O&T: Wie häufig besuchen Sie Konzerte oder Opernaufführungen? Was begeistert Sie daran?

Julia Hofmann und Robin von Olshausen. Foto: Maren Strelau
Robin von Olshausen: Ich gehe gerne ins Konzert, insbesondere in Berlin, wo wir allein die Mitglieder von zehn Klangkörpern innerhalb unserer Gewerkschaft haben. Wenn es Dienstreisen erlauben, besuche ich auch Konzerte an anderen Orten. Genauso gerne höre ich Kammermusik, und dazu gibt es in Berlin ebenfalls sehr viele Möglichkeiten. Als Pianist spiele ich auch selbst viel Kammermusik.

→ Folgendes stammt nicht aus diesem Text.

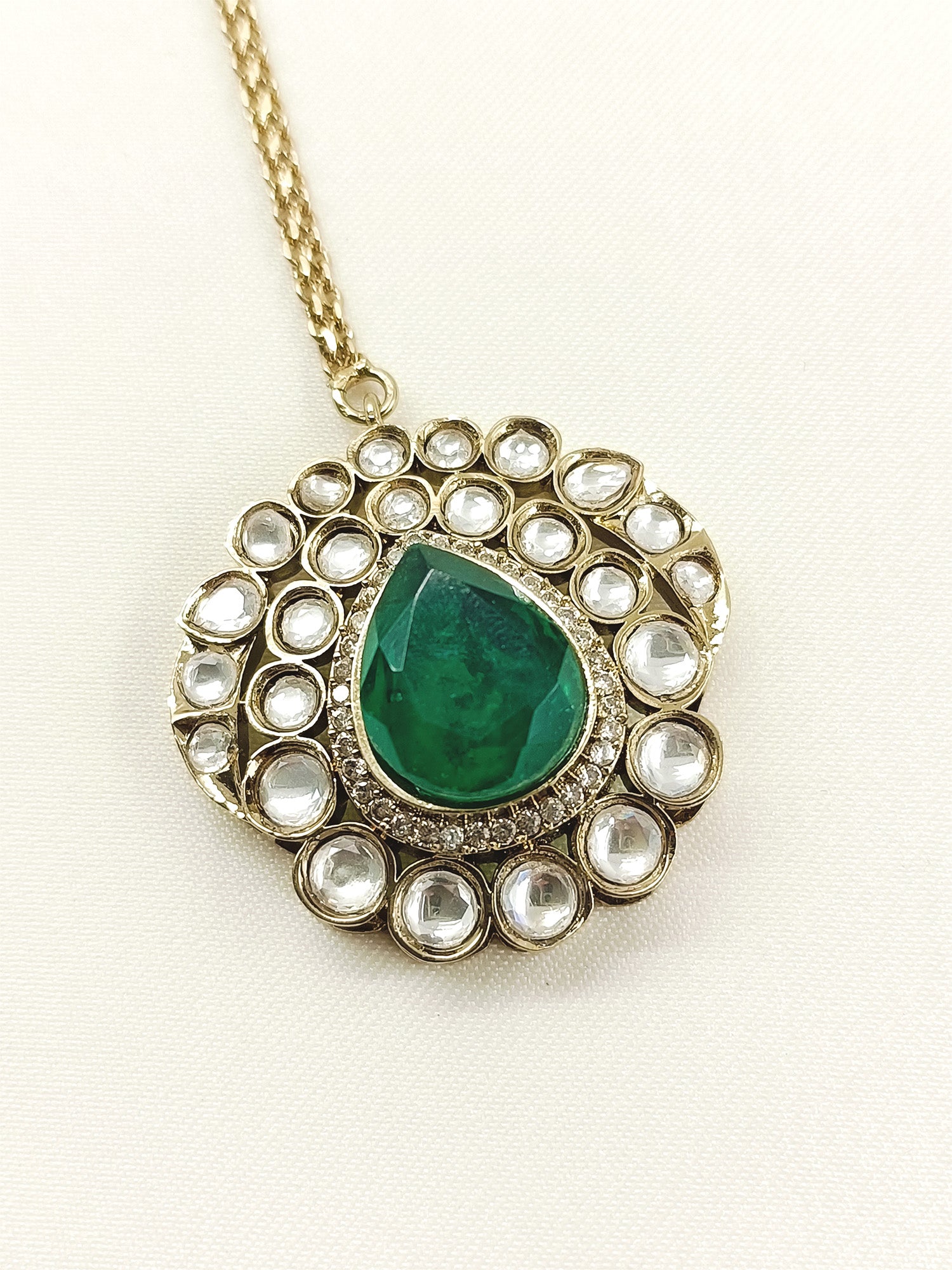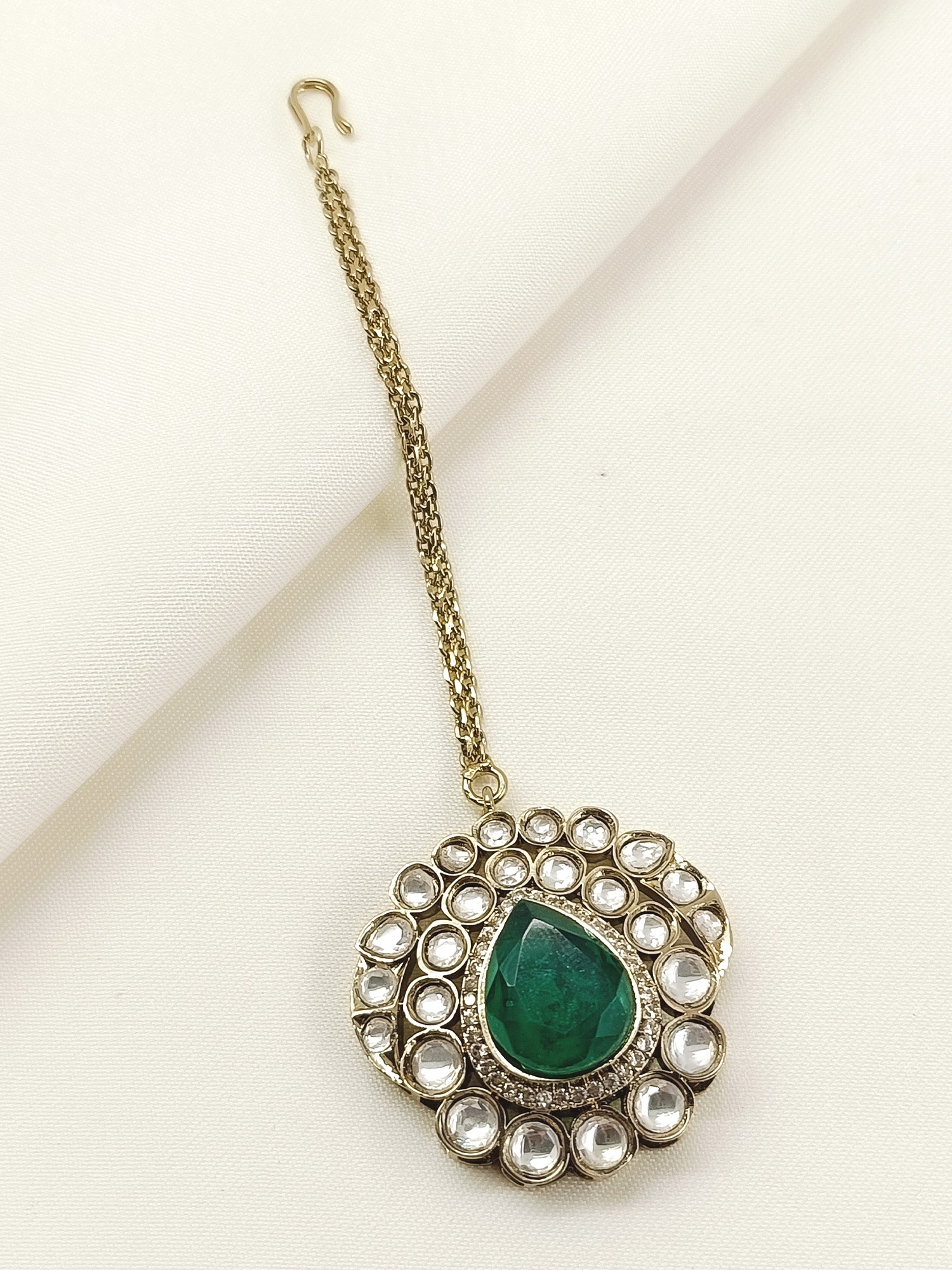 This Green Victorian Bridal Set Features Antique Gold-plated Brass Metalwork, Enhanced With Exquisite American Diamonds And Semi-precious Stones. Highlighted By An Elegant Emerald Doublet Stone, This Set Combines Vintage Charm With Refined Craftsmanship, Making It An Ideal Choice For Bridal Occasions Seeking Timeless Sophistication.

Julia Hofmann: Ich bin in der Geschäftsstelle von unisono vermutlich die Einzige, die selber kein Instrument praktiziert, aber ich bin von Kindesbeinen an Musikliebhaberin. Ich gehe viel in Konzerte und in die Oper. Als Geschäftsführerin der Freunde und Förderer der Staatsoper Unter den Linden habe ich wöchentlich Opernaufführungen und Konzerte erlebt. Ich genieße in Berlin die unglaubliche Vielfalt des Angebots. Diese Kultur in Berlin und ganz Deutschland zu erhalten, ist unser Auftrag. Bei Vorstellungen kann ich alle Emotionen verarbeiten, die ich habe, sodass ich schon geweint und gelacht habe. Es gibt immer seltener Gelegenheiten, bei denen viele Menschen zusammenkommen und zeitgleich dasselbe machen, nämlich Musik und Theater zu erleben. Jeder hat eine eigene Wahrnehmung und dennoch kann man gemeinsam darüber sprechen, wie es einem dabei ergangen ist. Musik bringt Menschen zusammen und das ist fantastisch.
O&T: Der Erhalt der deutschen Orchester- und Theaterlandschaft hat eine kulturpolitische und auch eine demografische Dimension. Was denken Sie, wenn Sie im Publikum überwiegend ältere Menschen sehen?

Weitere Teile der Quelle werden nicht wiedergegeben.